__Stored entries__
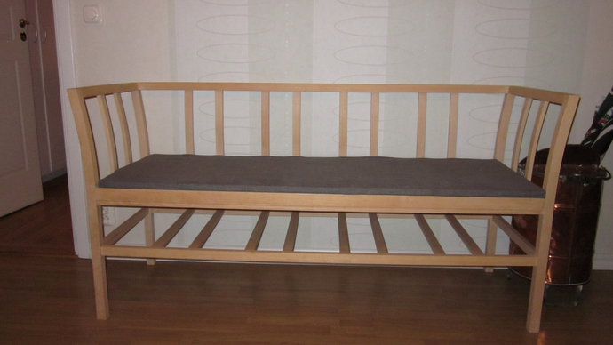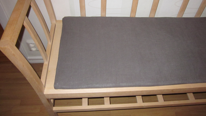 Ja, egentligen är den min. Men det är min dotter som gjort den. Hon gjorde den under sitt första år på Capellagården på Öland när hon utbildade sig till möbelsnickare. Från idé till färdig produkt. Jag älskar den soffan. När dynan syddes var det viktigt att den skulle vara neutral. Det var soffan som skulle synas, inte dynan.
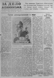 З А Д Е Л О ЛЕНИНИЗМА. Орган Свдерно га Р К К о м м у н н с т к ч ? с < о Й п а р т ч и С в т с - о г о С ю з а а р а й ш н о г о С о в е т а д е п у т ч т п ч т р у д я ц и г с я Н д з о с « ' А р с к о й о л а с г и П од знаменем С ов е тск ой Конституции, под руководством Коммунистической партии народы нашей страны твердой п о ступью идут вперед, к коммунизму. 147 2335) ! Суббога, 5 Д е к а б р я 1959 Ц е н а 1 5 к о п . Самая демократическая в мире Но время недавней ж е д а в - О о е д н ч к н Ш т а т ы Аиери ки и нарвщ И С. Хрущев, отвечая <иному .из амсрикнн-. ских деят*.глей. ретив I в«гч'\иа- j нвшему а г ш. тадиет вчаские ПОЦИДки...СiMlд • — Ни гкво: итг i вапнЫЙ" д в и г а т е л ь э н е р г и я людей, и н и ц и а т и в ы - - э т о н а ж и н а , щ ц ,. оо-вашему, бизнес. Мы говорим другое: г л а в н ы й дви г а т е л ь —эт о . с о з н а н и е чело в е к а , сознание того, что он свободен, работает на себя, на св о и х близких,. на свое общество, что средства прриз водства принадд* ж а т общест- в у . а не отдельной ли'Чноёти, которая н а ж и в а е т с я на эк* сп л уа т ацн н ч уж о г о труда. ' За эти «у .словами— два мира, два общ ственных строя, тва обра а жизни. Оли крат ко в выразительно рае к рыгают существо' наших социалистических порядков, закреплен- ,них. Советск-'й К нетитуцвей, день которой мы отмечаем ежегодно, к а к всенародный праздник. - ; Советская 'Конституция за -конодателыю закрепила , т«, что добыто Народами вашей страны нод руко.В"ДСтвом ленинской партии коммунистов. ’ ; Чем близка и дорога советским людям наша Конституция, почему мы называем ее, по выражению народного аки- 1 на Казахстана Джамбула, Не- ликим Советским Законом? Потому, что наша Кинститу ция отвечает коренным интере- сам трудящихся всех нацио наяьностей, выражает их волю; ' Если буржуазные конституции исходят из незыблемости частной, капиталистической собственности на средства Производства, то экономическую основу Советской Конституций; составляет общественная^ социалистическая собственность на эти с р е д с т в а - землю. ее недра, заводы, фабрики. гаахты,— все, чем богато общество. Отсюда не коры стное стремление к наживе люб"й ценой, как в капиталистических странах, характерно для СССР, а сотрудничество и взаимопомощь миллионов людей, их забота об об» щеч благе, общем счастье . Именно об этом свидетельствуют всенародное соревнова ние за досрочное выполнение заданий семилетки, могучее движение бригад и ударников коммунистического труда, благородные дела прядилгщи цы Валентины Гагановой и ее последователей, трудовые под виги рязанских колхозниц, добившихся выдающихся усвительотна о народном благе. Конституция СССР предоставляет всем гражданам страны равные права независимо от их национальности и расы, иола, имущественного и служебного положения. откры-| вает безграничные возможно-1 стн для проявления талантов и способностей миллионов людей. Советский человек я в ляется подлинным хозяином своей страны. Одно из убедительных свидетельств тому—беспримерный подвиг,советских ученых, инженеров, рабочих, осуществивших дерзновенные полеты космических кораблей на Луну н в облет Луны, открывших новую эру в покорении человеком необъятных иросторов Вселенной. Вместе с тем каждый гражданин СССР обязан еоб: •людать Конституцию,, исполнять законы, блюсти дисциплину труда, честно относиться к общественному долгу, уиа- ; <кать правила социалистического общежити
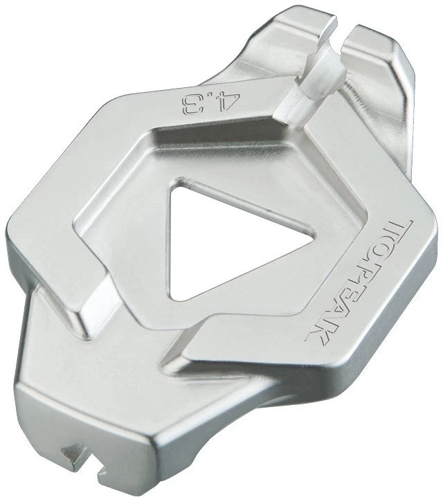 Clef à rayons en acier trempé. Chaque version est compatible avec deux types de rayons différents.
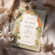 Diese exquisite Hochzeitseinladungskarte ist ein Beleg für klassische Eleganz und zeitloses Design. Das auf hochwertigem texturiertem Papier gedruckte Einladungspapier zeichnet sich durch ein aufwändiges botanisches Motiv aus, das den Inhalt elegant umrahmt. Reiche, warme Farbtöne tanzen über die Karte, die Farbtöne verbrannten Orangen, Senfgelb und olivgrün erinnern an die visuelle Melodie des Herbstes. Das Design verbindet verschiedene Blumenmuster und Blätter und vermittelt den Eindruck eines üppigen Gartens der Erntezeit.
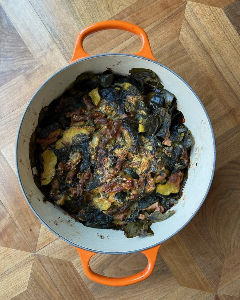 1 egg, 1 c ricotta, 1 c grated parm, 1 c grated fontina, 1 1/4 c water, 3 T olive oil, 1 t kosher salt, pinch nutmeg, pinch black pepper, pinch red pepper flakes, 3 t minced garlic, 6 oz baby spinach, 3 T sage+thyme, 1 thinly sliced unpeeled acorn squash, 8 oz pasta
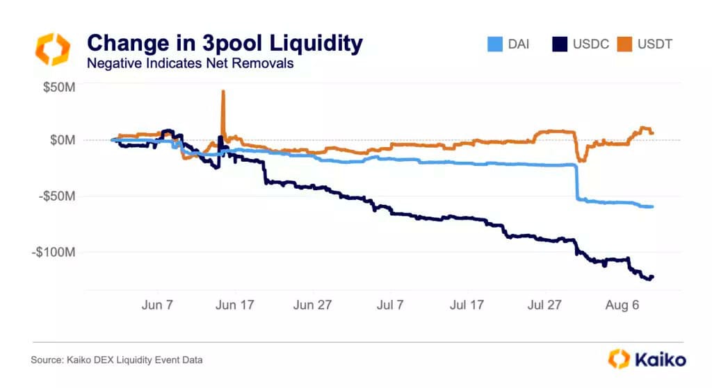 5. Since the start of June over $175mn has left the Curve 3pool, led by USDC despite Maker DAO increasing the Enhanced DAI Savings Rate.
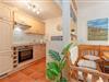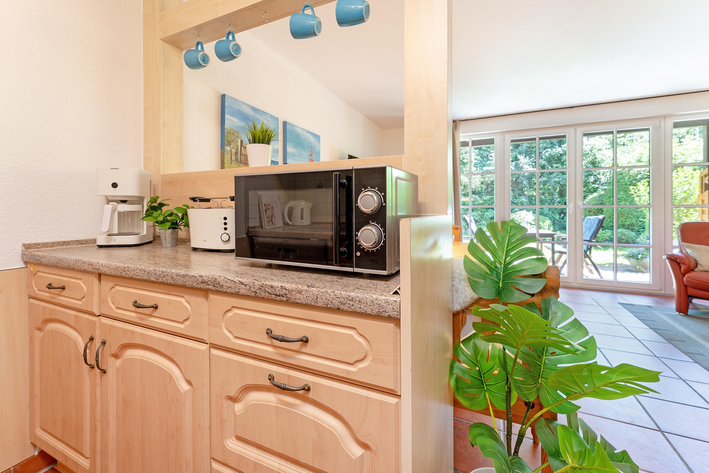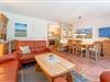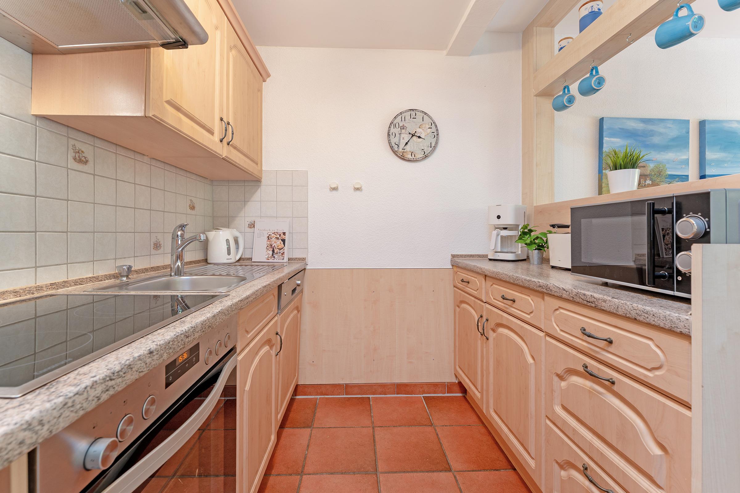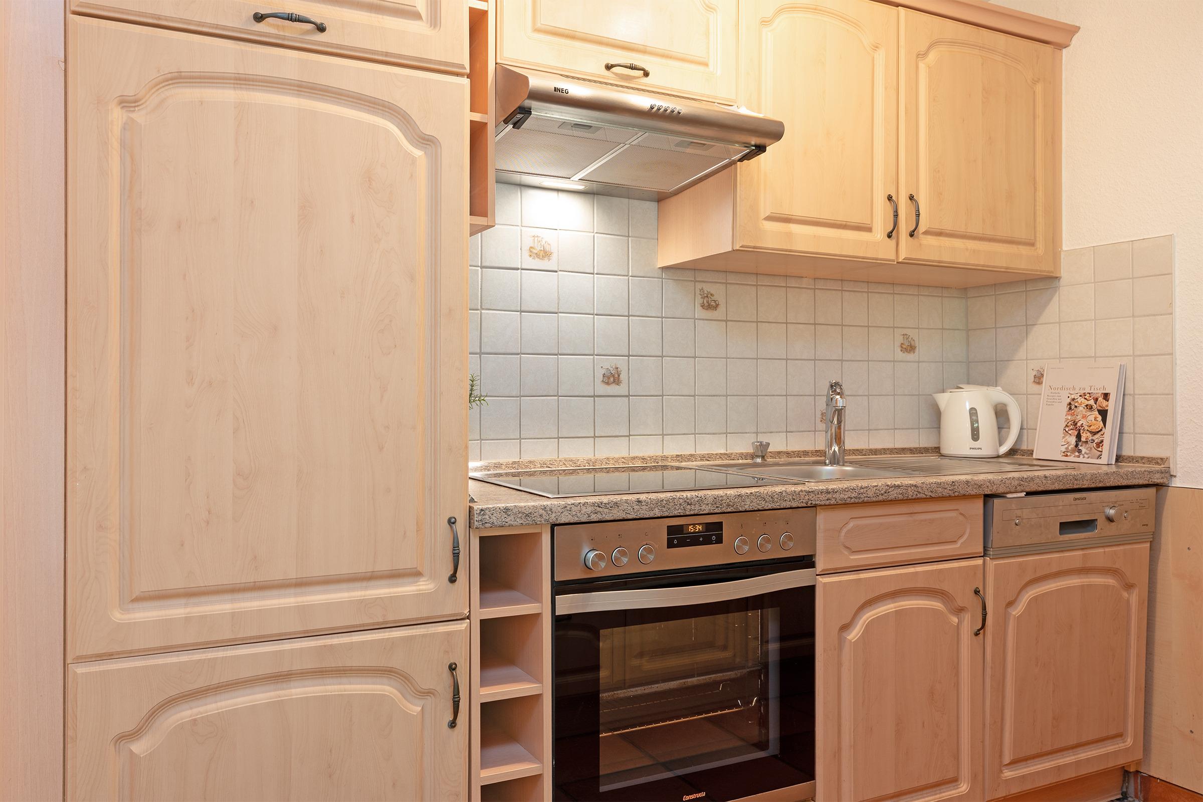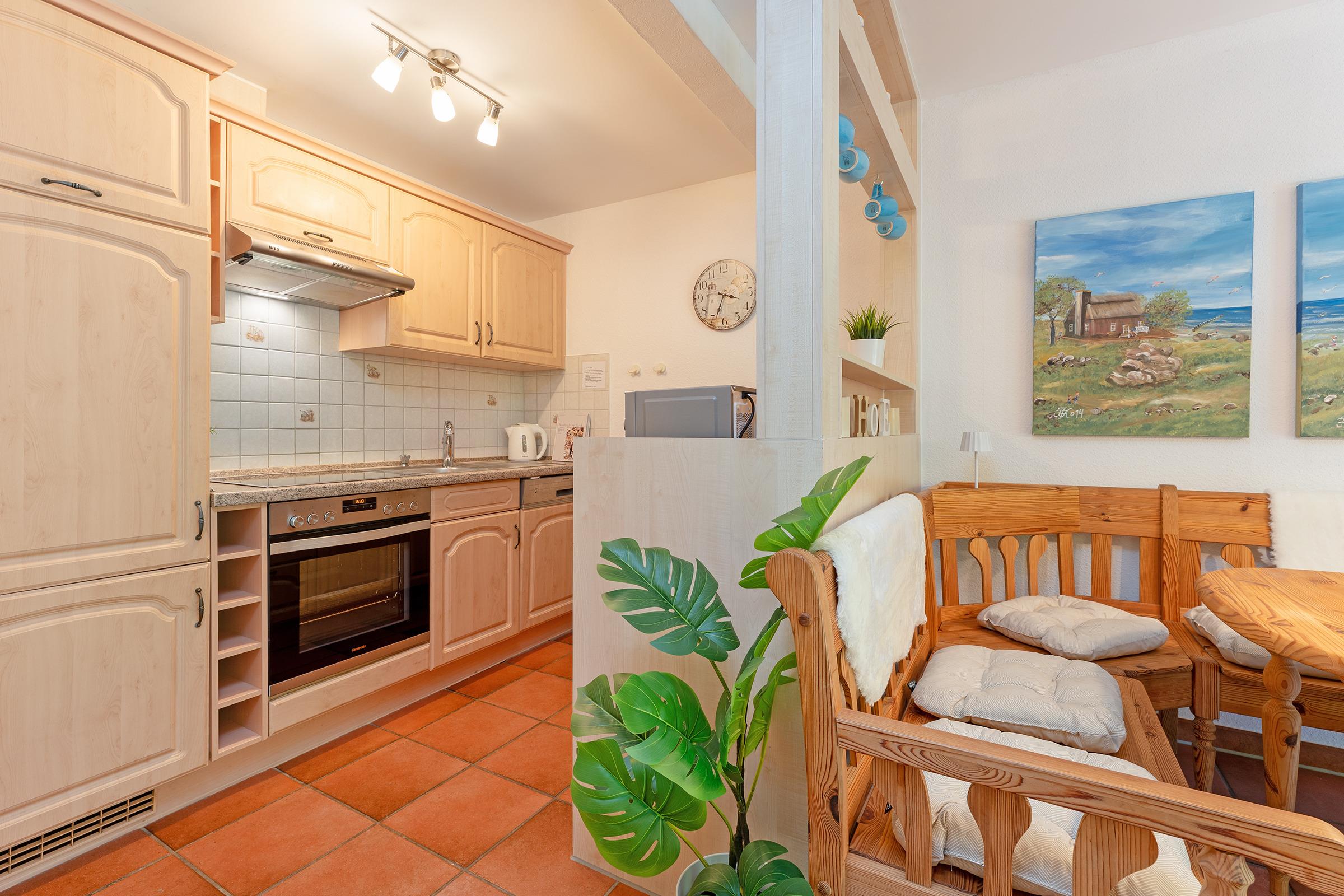 Die Küche ist umfangreich ausgestattet mit Backofen, Mikrowelle, Kaffeemaschine, Geschirrspüler und Ceran-Kochfeld. Der angrenzende Essbereich bietet ausreichend Platz für gemeinsame Mahlzeiten. Zwei Schlafzimmer im ersten Obergeschoss bieten Rückzugsorte für erholsame Nächte.
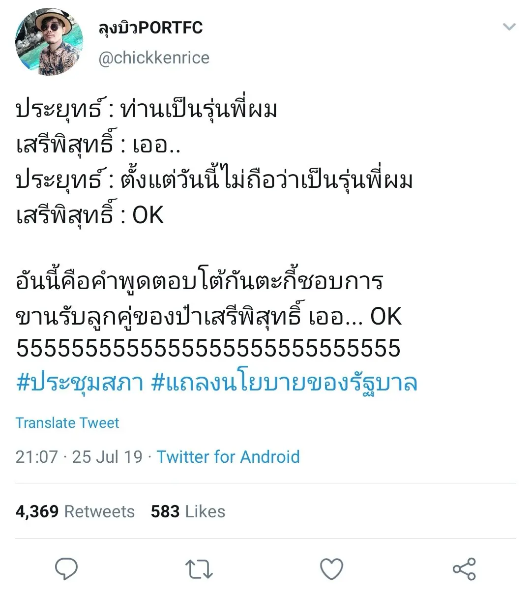 ทั้งนี้ยืนยันว่าไม่มีการเข้าไปคุยกันเป็นการส่วนตัวในตอนพักการประชุม และตนจะไม่คุย เพราะคุยไม่รู้เรื่อง นายกรัฐมนตรีเคยตัวเสียแล้วกับการสั่งการซ้ายหันขวาหัน แล้วจะมาสั่งตนได้อย่างไร ตนจะไม่เคลียร์ และพรุ่งนี้จะแถลงอีก 2 ประเด็นคือ นโยบายที่แถลงวันนี้ขัดรัฐธรรมนูญ และ ครม. แถลงนโยบายวันนี้ไม่มีอำนาจ วันนี้ตนจะกลับบ้านก่อน เพราะวันนี้ถ้าตนจะมาขออภิปรายใหม่ก็จะมีคนเหม็นหน้า โดยเฉพาะประธานที่เคยเป็นประธาน สนช. ที่มาเป็น ส.ว. ต่อ ก็ไม่เป็นกลางมาตลอด ในห้องประชุมก็ไม่เป็นกลาง

__Prompt__
Without the pictures, write out every line above exactly as it appears.

__Task solution__
 Ja, egentligen är den min. Men det är min dotter som gjort den. Hon gjorde den under sitt första år på Capellagården på Öland när hon utbildade sig till möbelsnickare. Från idé till färdig produkt. Jag älskar den soffan. När dynan syddes var det viktigt att den skulle vara neutral. Det var soffan som skulle synas, inte dynan.
 З А Д Е Л О ЛЕНИНИЗМА. Орган Свдерно га Р К К о м м у н н с т к ч ? с < о Й п а р т ч и С в т с - о г о С ю з а а р а й ш н о г о С о в е т а д е п у т ч т п ч т р у д я ц и г с я Н д з о с « ' А р с к о й о л а с г и П од знаменем С ов е тск ой Конституции, под руководством Коммунистической партии народы нашей страны твердой п о ступью идут вперед, к коммунизму. 147 2335) ! Суббога, 5 Д е к а б р я 1959 Ц е н а 1 5 к о п . Самая демократическая в мире Но время недавней ж е д а в - О о е д н ч к н Ш т а т ы Аиери ки и нарвщ И С. Хрущев, отвечая <иному .из амсрикнн-. ских деят*.глей. ретив I в«гч'\иа- j нвшему а г ш. тадиет вчаские ПОЦИДки...СiMlд • — Ни гкво: итг i вапнЫЙ" д в и г а т е л ь э н е р г и я людей, и н и ц и а т и в ы - - э т о н а ж и н а , щ ц ,. оо-вашему, бизнес. Мы говорим другое: г л а в н ы й дви г а т е л ь —эт о . с о з н а н и е чело в е к а , сознание того, что он свободен, работает на себя, на св о и х близких,. на свое общество, что средства прриз водства принадд* ж а т общест- в у . а не отдельной ли'Чноёти, которая н а ж и в а е т с я на эк* сп л уа т ацн н ч уж о г о труда. ' За эти «у .словами— два мира, два общ ственных строя, тва обра а жизни. Оли крат ко в выразительно рае к рыгают существо' наших социалистических порядков, закреплен- ,них. Советск-'й К нетитуцвей, день которой мы отмечаем ежегодно, к а к всенародный праздник. - ; Советская 'Конституция за -конодателыю закрепила , т«, что добыто Народами вашей страны нод руко.В"ДСтвом ленинской партии коммунистов. ’ ; Чем близка и дорога советским людям наша Конституция, почему мы называем ее, по выражению народного аки- 1 на Казахстана Джамбула, Не- ликим Советским Законом? Потому, что наша Кинститу ция отвечает коренным интере- сам трудящихся всех нацио наяьностей, выражает их волю; ' Если буржуазные конституции исходят из незыблемости частной, капиталистической собственности на средства Производства, то экономическую основу Советской Конституций; составляет общественная^ социалистическая собственность на эти с р е д с т в а - землю. ее недра, заводы, фабрики. гаахты,— все, чем богато общество. Отсюда не коры стное стремление к наживе люб"й ценой, как в капиталистических странах, характерно для СССР, а сотрудничество и взаимопомощь миллионов людей, их забота об об» щеч благе, общем счастье . Именно об этом свидетельствуют всенародное соревнова ние за досрочное выполнение заданий семилетки, могучее движение бригад и ударников коммунистического труда, благородные дела прядилгщи цы Валентины Гагановой и ее последователей, трудовые под виги рязанских колхозниц, добившихся выдающихся усвительотна о народном благе. Конституция СССР предоставляет всем гражданам страны равные права независимо от их национальности и расы, иола, имущественного и служебного положения. откры-| вает безграничные возможно-1 стн для проявления талантов и способностей миллионов людей. Советский человек я в ляется подлинным хозяином своей страны. Одно из убедительных свидетельств тому—беспримерный подвиг,советских ученых, инженеров, рабочих, осуществивших дерзновенные полеты космических кораблей на Луну н в облет Луны, открывших новую эру в покорении человеком необъятных иросторов Вселенной. Вместе с тем каждый гражданин СССР обязан еоб: •людать Конституцию,, исполнять законы, блюсти дисциплину труда, честно относиться к общественному долгу, уиа- ; <кать правила социалистического общежити
 Clef à rayons en acier trempé. Chaque version est compatible avec deux types de rayons différents.
 Diese exquisite Hochzeitseinladungskarte ist ein Beleg für klassische Eleganz und zeitloses Design. Das auf hochwertigem texturiertem Papier gedruckte Einladungspapier zeichnet sich durch ein aufwändiges botanisches Motiv aus, das den Inhalt elegant umrahmt. Reiche, warme Farbtöne tanzen über die Karte, die Farbtöne verbrannten Orangen, Senfgelb und olivgrün erinnern an die visuelle Melodie des Herbstes. Das Design verbindet verschiedene Blumenmuster und Blätter und vermittelt den Eindruck eines üppigen Gartens der Erntezeit.
 1 egg, 1 c ricotta, 1 c grated parm, 1 c grated fontina, 1 1/4 c water, 3 T olive oil, 1 t kosher salt, pinch nutmeg, pinch black pepper, pinch red pepper flakes, 3 t minced garlic, 6 oz baby spinach, 3 T sage+thyme, 1 thinly sliced unpeeled acorn squash, 8 oz pasta
 5. Since the start of June over $175mn has left the Curve 3pool, led by USDC despite Maker DAO increasing the Enhanced DAI Savings Rate.
 Die Küche ist umfangreich ausgestattet mit Backofen, Mikrowelle, Kaffeemaschine, Geschirrspüler und Ceran-Kochfeld. Der angrenzende Essbereich bietet ausreichend Platz für gemeinsame Mahlzeiten. Zwei Schlafzimmer im ersten Obergeschoss bieten Rückzugsorte für erholsame Nächte.
 ทั้งนี้ยืนยันว่าไม่มีการเข้าไปคุยกันเป็นการส่วนตัวในตอนพักการประชุม และตนจะไม่คุย เพราะคุยไม่รู้เรื่อง นายกรัฐมนตรีเคยตัวเสียแล้วกับการสั่งการซ้ายหันขวาหัน แล้วจะมาสั่งตนได้อย่างไร ตนจะไม่เคลียร์ และพรุ่งนี้จะแถลงอีก 2 ประเด็นคือ นโยบายที่แถลงวันนี้ขัดรัฐธรรมนูญ และ ครม. แถลงนโยบายวันนี้ไม่มีอำนาจ วันนี้ตนจะกลับบ้านก่อน เพราะวันนี้ถ้าตนจะมาขออภิปรายใหม่ก็จะมีคนเหม็นหน้า โดยเฉพาะประธานที่เคยเป็นประธาน สนช. ที่มาเป็น ส.ว. ต่อ ก็ไม่เป็นกลางมาตลอด ในห้องประชุมก็ไม่เป็นกลาง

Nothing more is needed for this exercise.